Print the lines in the listing below starting at the line with "心理赛道最新玩法,AI自动生成,条条点赞过万,日收入大几张" and ending at the line with "Die nigel-nagel-neue 132", both included. Reproduce them exactly and omit every picture.

MATERIAL PROVIDED:
- - - -

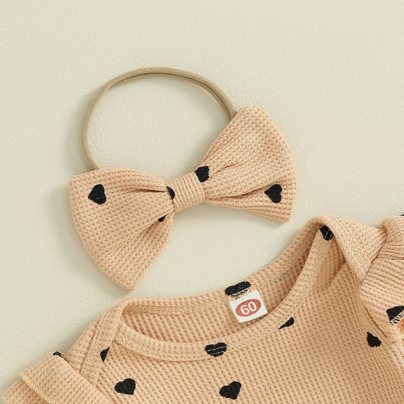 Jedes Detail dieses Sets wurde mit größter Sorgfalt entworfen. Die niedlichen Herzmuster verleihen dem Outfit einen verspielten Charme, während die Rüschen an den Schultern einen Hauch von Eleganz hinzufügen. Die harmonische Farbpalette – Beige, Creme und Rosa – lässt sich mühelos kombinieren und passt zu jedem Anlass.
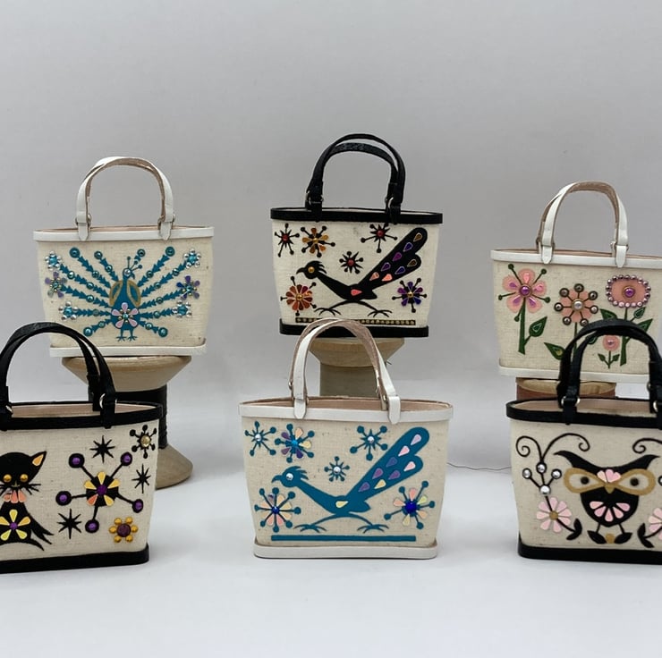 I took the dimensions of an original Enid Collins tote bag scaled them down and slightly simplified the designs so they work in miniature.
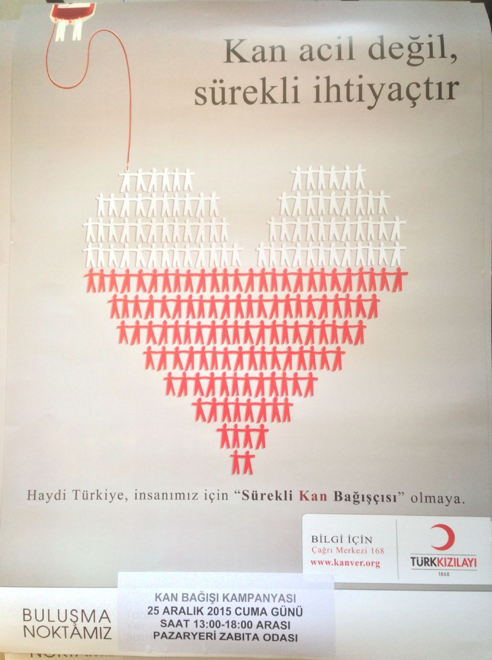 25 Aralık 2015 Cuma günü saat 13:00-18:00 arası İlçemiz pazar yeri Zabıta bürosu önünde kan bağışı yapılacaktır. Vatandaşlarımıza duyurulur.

- - - -

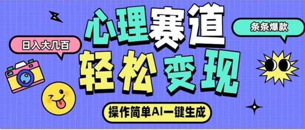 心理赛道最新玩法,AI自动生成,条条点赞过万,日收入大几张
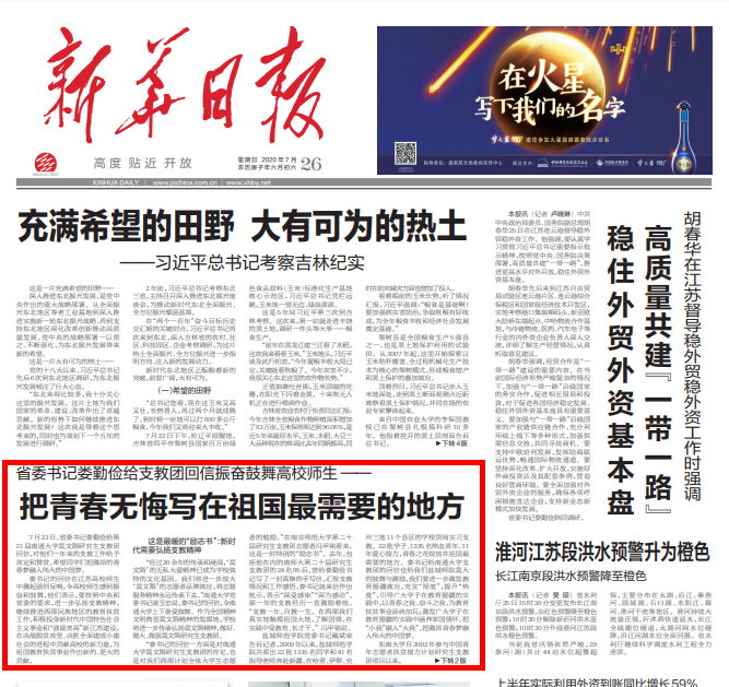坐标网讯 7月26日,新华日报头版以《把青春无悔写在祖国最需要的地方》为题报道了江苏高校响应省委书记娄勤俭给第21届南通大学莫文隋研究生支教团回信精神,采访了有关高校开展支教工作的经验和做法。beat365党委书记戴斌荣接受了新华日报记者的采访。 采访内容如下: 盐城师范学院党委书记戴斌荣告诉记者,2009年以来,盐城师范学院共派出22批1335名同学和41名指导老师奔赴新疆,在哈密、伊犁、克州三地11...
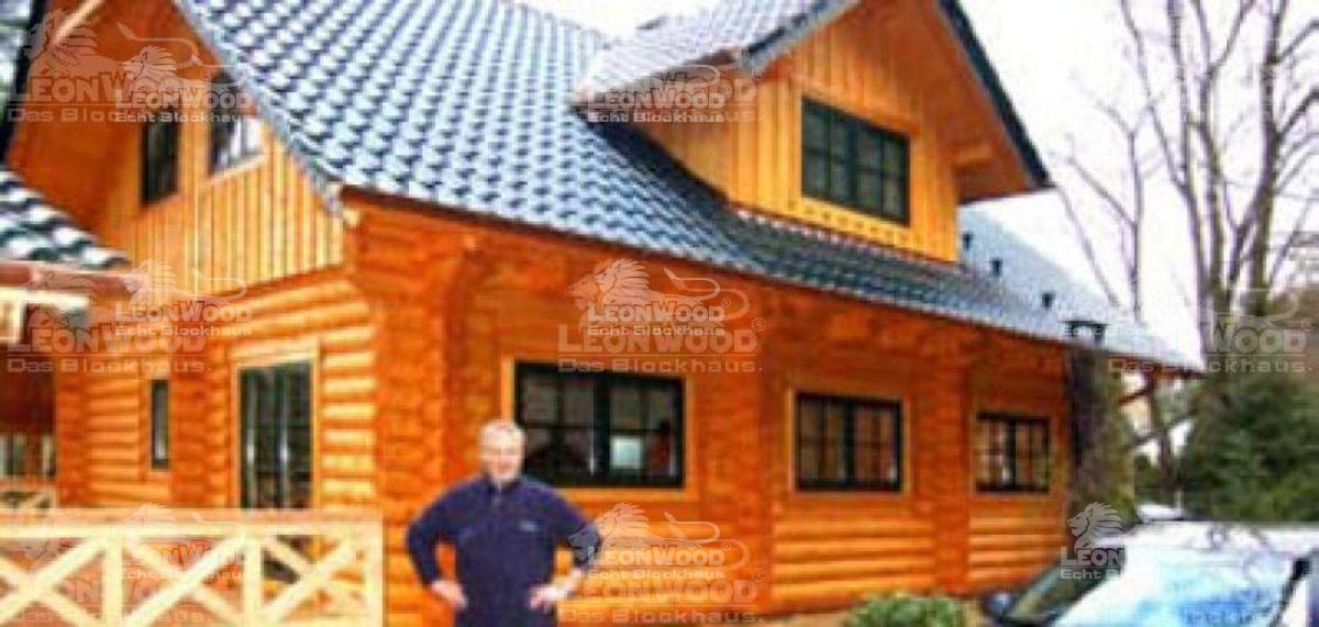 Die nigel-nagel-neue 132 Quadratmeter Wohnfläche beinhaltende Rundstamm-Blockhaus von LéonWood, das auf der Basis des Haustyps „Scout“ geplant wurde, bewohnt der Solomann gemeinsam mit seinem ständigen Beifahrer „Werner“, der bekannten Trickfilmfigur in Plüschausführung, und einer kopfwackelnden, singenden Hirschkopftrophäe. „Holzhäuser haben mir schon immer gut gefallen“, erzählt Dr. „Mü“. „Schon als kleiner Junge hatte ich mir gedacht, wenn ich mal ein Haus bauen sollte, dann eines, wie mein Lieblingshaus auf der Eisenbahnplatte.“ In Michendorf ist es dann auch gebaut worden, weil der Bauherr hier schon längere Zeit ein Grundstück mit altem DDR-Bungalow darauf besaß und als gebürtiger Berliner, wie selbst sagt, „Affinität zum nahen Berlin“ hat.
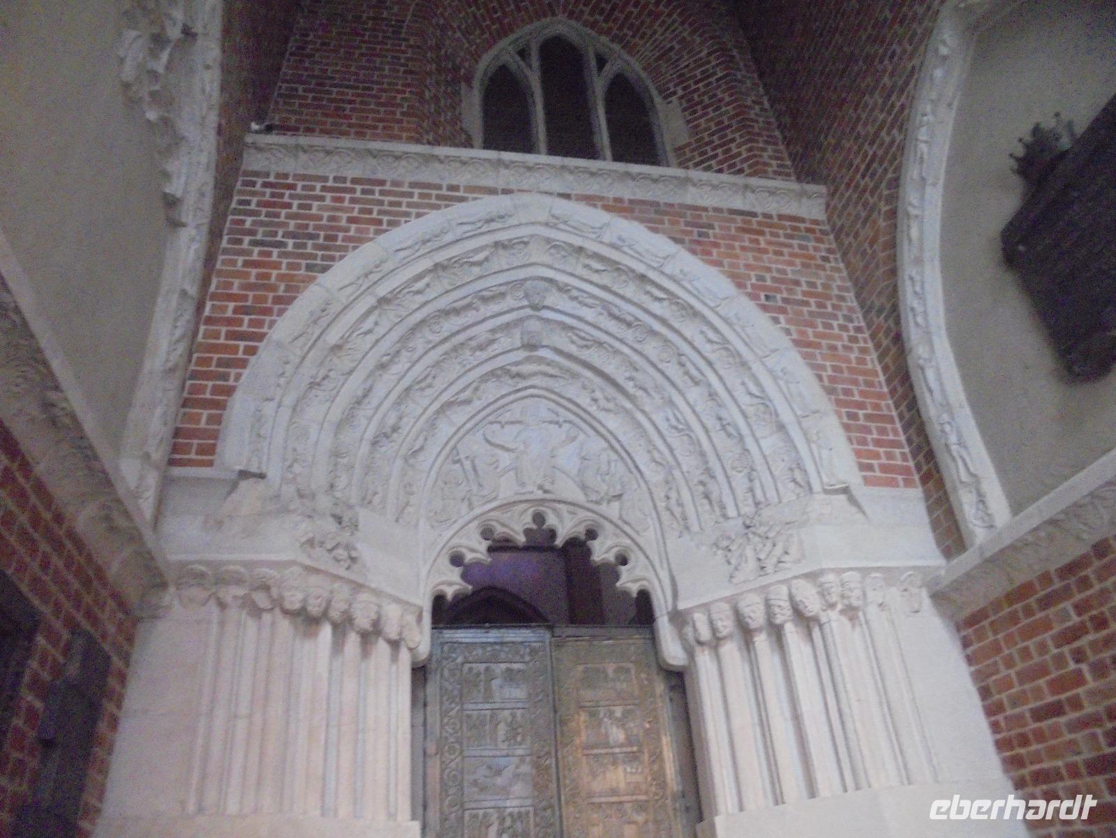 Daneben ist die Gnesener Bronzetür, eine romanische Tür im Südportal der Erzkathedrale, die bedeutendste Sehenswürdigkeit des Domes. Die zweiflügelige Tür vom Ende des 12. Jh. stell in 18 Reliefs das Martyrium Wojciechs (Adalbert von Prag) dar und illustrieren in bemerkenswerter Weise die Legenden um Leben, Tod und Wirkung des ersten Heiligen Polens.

- - - -

RESPONSE AREA:
 心理赛道最新玩法,AI自动生成,条条点赞过万,日收入大几张
坐标网讯 7月26日,新华日报头版以《把青春无悔写在祖国最需要的地方》为题报道了江苏高校响应省委书记娄勤俭给第21届南通大学莫文隋研究生支教团回信精神,采访了有关高校开展支教工作的经验和做法。beat365党委书记戴斌荣接受了新华日报记者的采访。 采访内容如下: 盐城师范学院党委书记戴斌荣告诉记者,2009年以来,盐城师范学院共派出22批1335名同学和41名指导老师奔赴新疆,在哈密、伊犁、克州三地11...
 Die nigel-nagel-neue 132 Quadratmeter Wohnfläche beinhaltende Rundstamm-Blockhaus von LéonWood, das auf der Basis des Haustyps „Scout“ geplant wurde, bewohnt der Solomann gemeinsam mit seinem ständigen Beifahrer „Werner“, der bekannten Trickfilmfigur in Plüschausführung, und einer kopfwackelnden, singenden Hirschkopftrophäe. „Holzhäuser haben mir schon immer gut gefallen“, erzählt Dr. „Mü“. „Schon als kleiner Junge hatte ich mir gedacht, wenn ich mal ein Haus bauen sollte, dann eines, wie mein Lieblingshaus auf der Eisenbahnplatte.“ In Michendorf ist es dann auch gebaut worden, weil der Bauherr hier schon längere Zeit ein Grundstück mit altem DDR-Bungalow darauf besaß und als gebürtiger Berliner, wie selbst sagt, „Affinität zum nahen Berlin“ hat.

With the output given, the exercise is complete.